Bridge over the Orio river

Guipúzcoa, España

Structural typology: BUILDIINGS
Date: October, 2012
Scope: detailed design

The bridge which crosses the Orio River employs a hybrid support system combining suspension with cable-stayed. The aim of such a system is to decrease the height of the piers and to create a structure which is less aggressive with the surrounding scenery and at the same time, lowering the costs of a traditional suspension bridge construction. The bridge has a main 170.0m span with 60.0m compensation spans which more than cover the boat race channel.

The transversal cross-section has a useful width of 24.0m which accommodates two 3.0m pavements, two 7.5m road lanes, two 0.50 spaces to house the guard rails and a 2.0m central reservation where the mast-like pylons from the pier may pass through.

The piers employ high-resistance reinforced concrete. They are conical in shape and taper upwards from the base to the underbelly of the deck where they take on a regular 2.0m diameter to the pylon head. The head is capped off in steel and houses the bracket which anchors the cable stays and the saddle for the main suspension cables. Each pier is founded on eight 2.0m diameter piles which are embedded in the subjacent marls level. The pile-cap is placed below the river bed level so as not to be visible at low tide.

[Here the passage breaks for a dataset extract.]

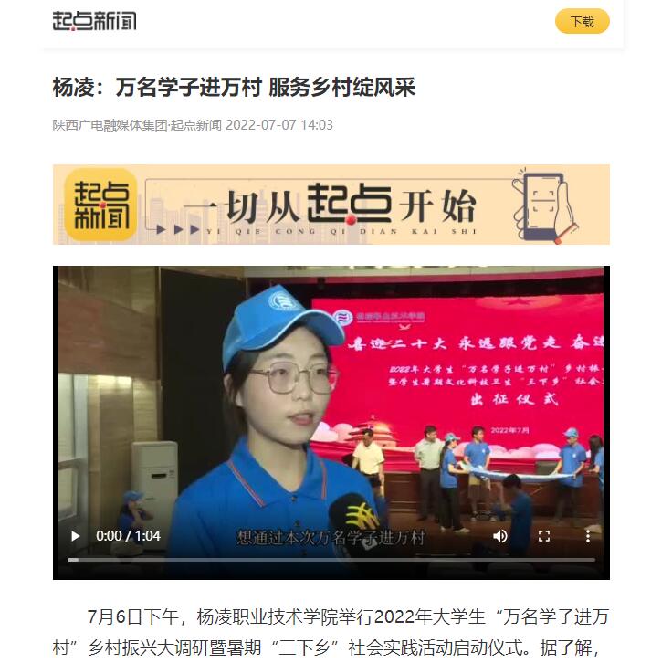 7月6日下午,杨凌职业技术学院举行2022年大学生“万名学子进万村”乡村振兴大调研暨暑期“三下乡”社会实践活动启动仪式。据了解,此次活动包括“乡村振兴青春建功”实践活动、经典润乡土计划实践活动、“美丽中国·青春行动”生态环保实践活动、农村地区教育发展实践活动、“争做禁毒先锋守‘尉’无毒家园”青少年禁毒防艾宣传教育实践活动、“情暖童心”关爱留守儿童实践活动6个专项活动,目前,杨凌职业技术学院已组建了22支社会实践团队,上万名学生参加活动,希望通过社会实践活动不断提高自身综合素质,为广大群众提供扎实有效的服务,努力成为理想远大、视野开阔、知识丰富、开拓进取的新青年。(记者:王锦 杨凌台 李宁 许正斌 )

The suspension system consists of four cables situated in the axis of the transversal section which allows the placement of pairs of hangers set 5.0m apart, which hold up the deck in its central area. The system is completed with 6 pairs of cable stays situated on each side of the pylons which stay this part of the structure.

The deck is composite, having a transversal cross-section with a closed core made up of two 4.5m wide cells and a 1.65m axial height. On top of the metal section a light 0.20m deep concrete slab is placed which receives the road finish and pedestrian walkways. Transversally every 2.5m, transversal webs are placed, which receive on the upper chord both the loads derived from the slab and the stay or suspension system.

The abutments act as counterweights against the vertical forces imposed by the main cables which are anchored horizontally on the deck, and for this reason they are therefore solid reinforced elements. The abutment on the right bank has been projected to have a triangular format and that one of its faces runs parallel to the riverside. Adjacent to the abutment, shallow embankment walling has been constructed which allows the integration into the surrounding landscape.